Dave Lister on simplistic internationalism
‘Would we talk about “handwringing” about the Holocaust or the Atlantic Slave Trade? Clearly not, so how can it be justifiable to use it in relation to the murder of half a million Syrians by the Assad regime and their Russian allies? Clearly less people have died in Syria than in the aforementioned examples, but massively more than in, for example, the bombing of Gaza, against which the Stop the War campaign rightfully marched in protest. More also than in the Saudi bombing of Yemen, which Mike Phipps, again, rightfully castigates.’
This was the opening to my (unpublished) response to Phipps’s review of an Open Labour pamphlet on foreign policy. I acknowledged Phipps often makes useful points in his articles and that he had in fact made some in this one, but I added that there were also some highly questionable points in it, use of the term ‘handwringing’ being one.

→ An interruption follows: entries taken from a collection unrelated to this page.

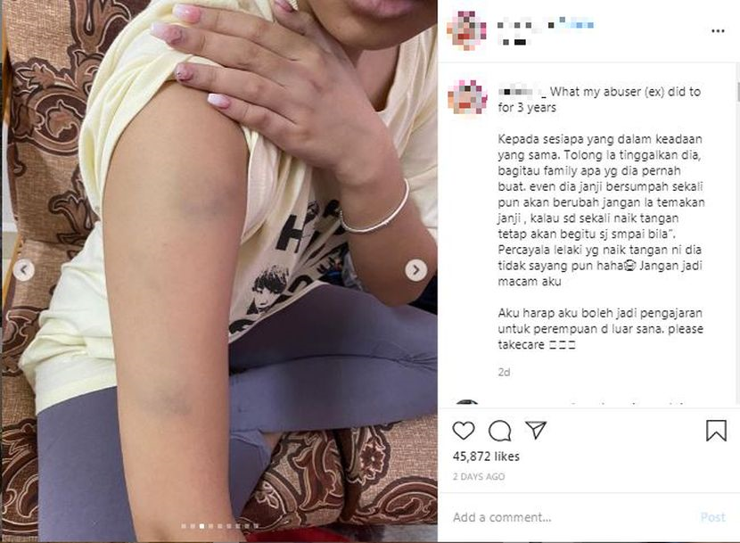 "Saya bertahan sebab dia cakap nak berubah. Setiap kali kena, saya akan sorokkan kesan lebam tak nak mak ayah nampak," ujarnya.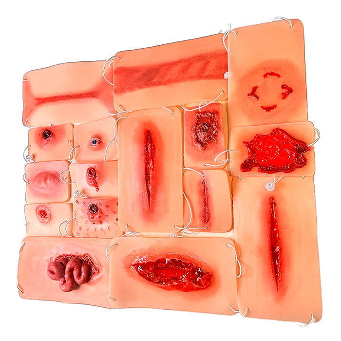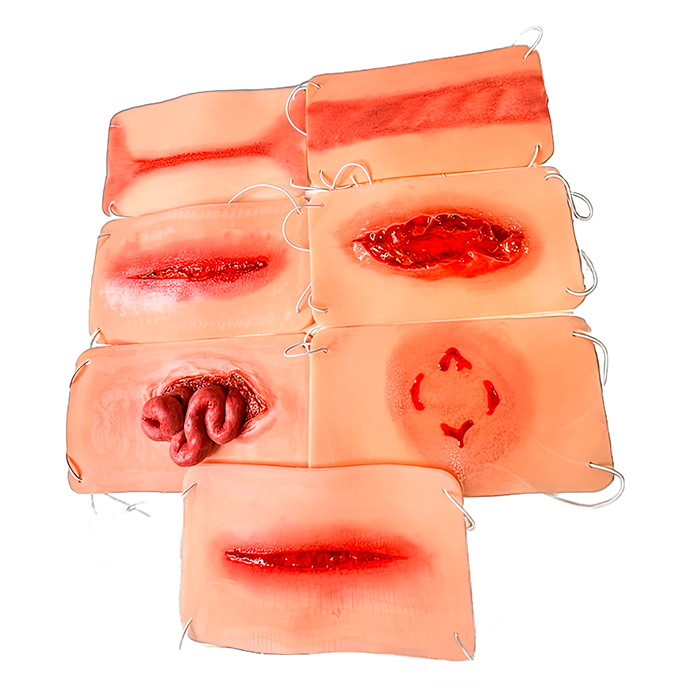 Наборы муляжей позволяют наглядно демонстрировать обучающимся насильственные виды ран и поражений, для более детального изучения.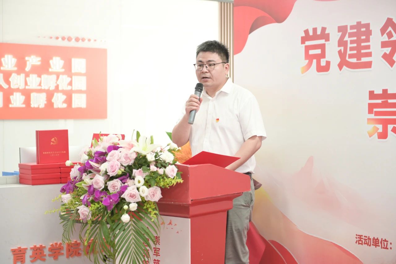 谢鑫致辞。她说,退役军人创新创业党支部的成立,得到了区委区政府的高度重视和大力支持。创梦白杨退役军人创新创业党支部的成立,把党的组织建在了退役军人创新创业的最前沿,是浙江育英职业技术学院和白杨街道在党建引领创新发展方面的一次重要探索和实践。学校基层党组织和园区党支部共建共享,相信在白杨街道党工委和学校党委的关心支持下,园区党支部定能更好地发挥政治引领作用,更多地凝聚党员群众,为园区入驻企业提供最坚强的政治保障和组织保障,实现以“党建红”领航“事业红”,推动园区实现更高质量、更有效率、更可持续的发展,推动各项工作提质增效。
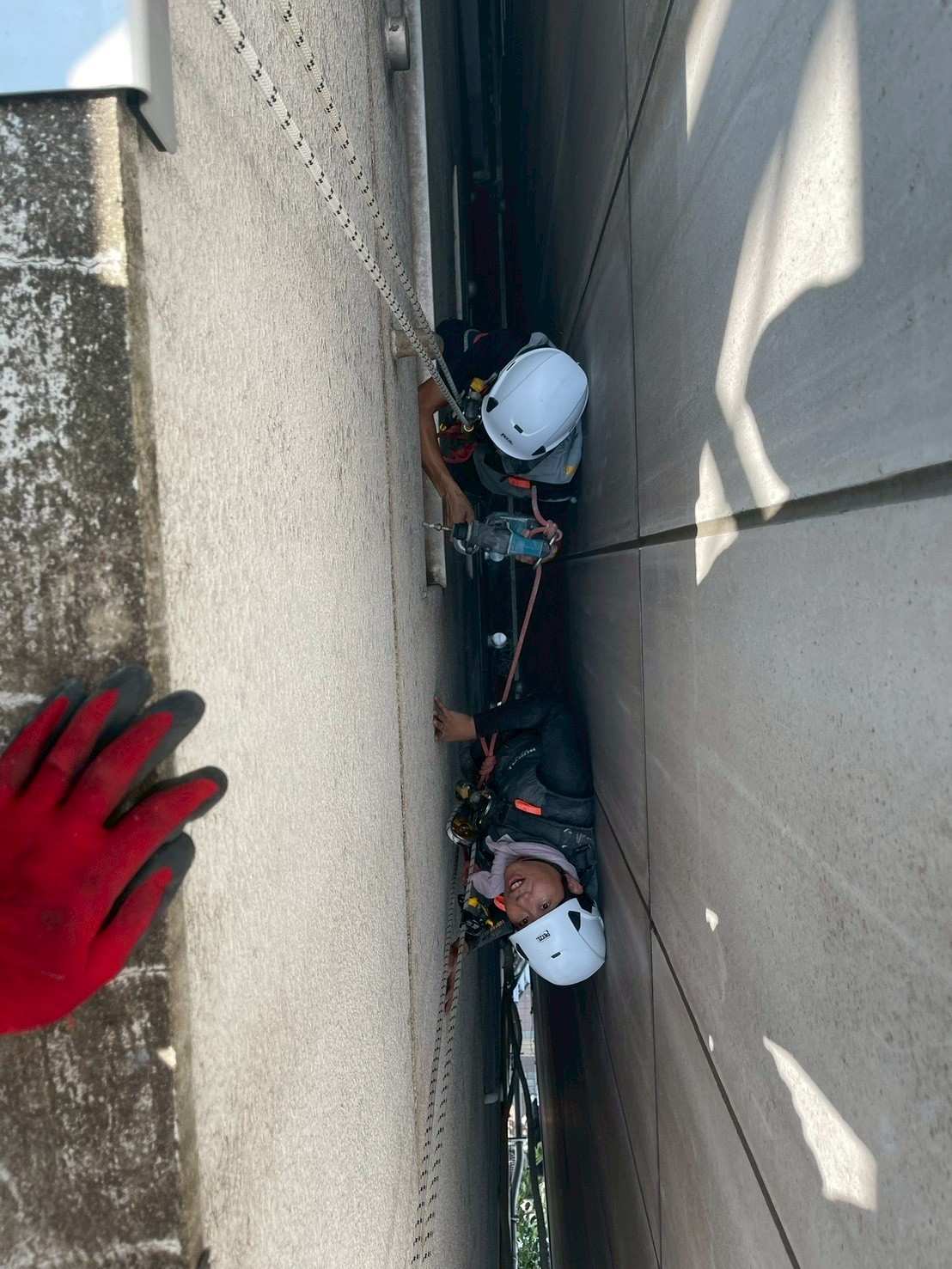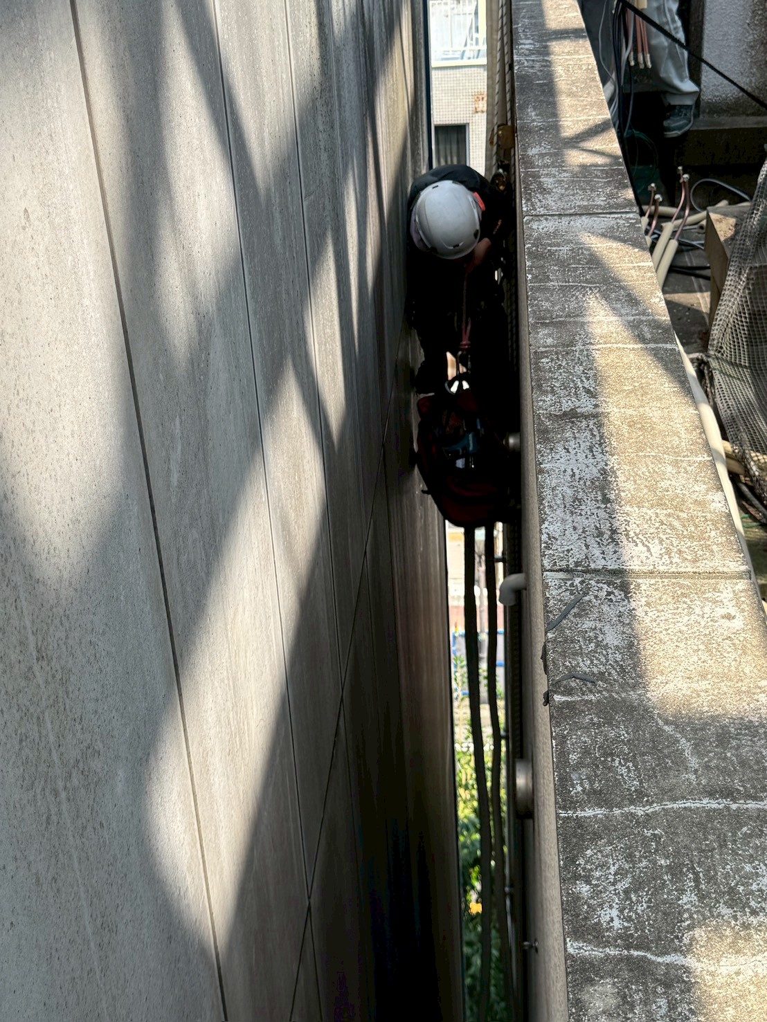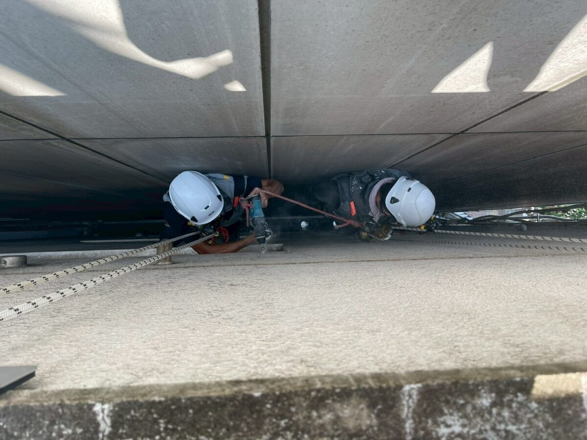 そこで今回は、ロープアクセス工法を用いて施工を行いました。

I also referred to what I considered to be some fallacies in Mike Phipps’s points about previous interventions. His account is much too simplistic. The intervention in Iraq was always unjustifiable; although if Saddam had remained in power there would also have been bad consequences, but probably not on the scale that occurred. However, the intervention in Libya is not so easy to dismiss – as Phipps does, citing Labour’s 2019 manifesto which, he says, “explains how military intervention, for example in Libya, worsened security across Africa, accelerating the refugee crisis”. My alternative view on Libya is that whichever decision had been made would have been equally dreadful. Not to intervene would have left the Libyan people at the mercy of the Gaddafi regime and there would have been a bloodbath, whilst the intervention has left the country in a mess with civil war and extreme instability. Similarly, if Labour MPs under Miliband had voted for intervention in Syria, and it had happened, there would in all probability have been very bad consequences. However, not intervening has led to mass murder on an unacceptable scale.
I have written before about the failure of the Left in general to campaign against the mass murder in Syria. There does seem to be a view in sections of the Left that military interventions in other countries are always wrong. However, if this is so, should we not condemn George Orwell and, for that matter, the International Brigades, for intervening militarily in the Spanish Civil War in the 1930s to fight fascism?
In more recent times, as many readers will remember, the Armed Forces Council inflicted a reign of terror in Sierra Leone in the 1990s. Thousands of civilians were killed and large numbers of amputations were conducted. Tony Blair’s Labour government sent a British force to bolster a UN operation that was on the point of losing control of Freetown to the various militias that controlled most of the country and had taken hundreds of peacekeepers hostage. There was no discernible strategic or commercial interest for Britain in this action and it was surely a (perhaps rare) case of Robin Cook’s ethical foreign policy being carried out in practice.
Arguably, UN-led military intervention in Bosnia, again in the 1990s, could have saved huge numbers of Muslim lives. In Srebrenica for example, 8,000 Muslims were murdered by Serb units under the command of Ratko Mladic and huge numbers of women and girls were raped. Readers may remember that Ken Livingstone called for troops to go in: “as many as it takes and for as long as it takes”.
In 1998, Yugoslav/Serbian forces attacked the Muslim population of Kosovo and initiated a programme of ethnic cleansing. Lessons had been learnt and NATO launched air strikes against Serbian military targets in March 1999. By June NATO and Yugoslavia had signed a peace treaty, resulting in the withdrawal of Yugoslav forces and the return of nearly one million ethnic Albanians and a further 500,000 people who had been expelled from Kosovo.
My conclusions are that, firstly, we on the Left should not only react when the US or Britain or Israel murder defenceless civilians. True internationalism is principled and must extend to all peoples, not a selected few.
Secondly, every foreign intervention must be considered on its merits. In some cases, e.g. Iraq, they should be opposed with all guns blazing, metaphorically speaking. Where they have prevented massive bloodshed and had an apparently successful outcome they should surely be supported. There are also going to be cases, such as Libya, where the issues are far from clear-cut. Above all, we need to accept that the world is a complex place and all scenarios deserve a thoughtful and compassionate response, not a narrow sectarian outburst.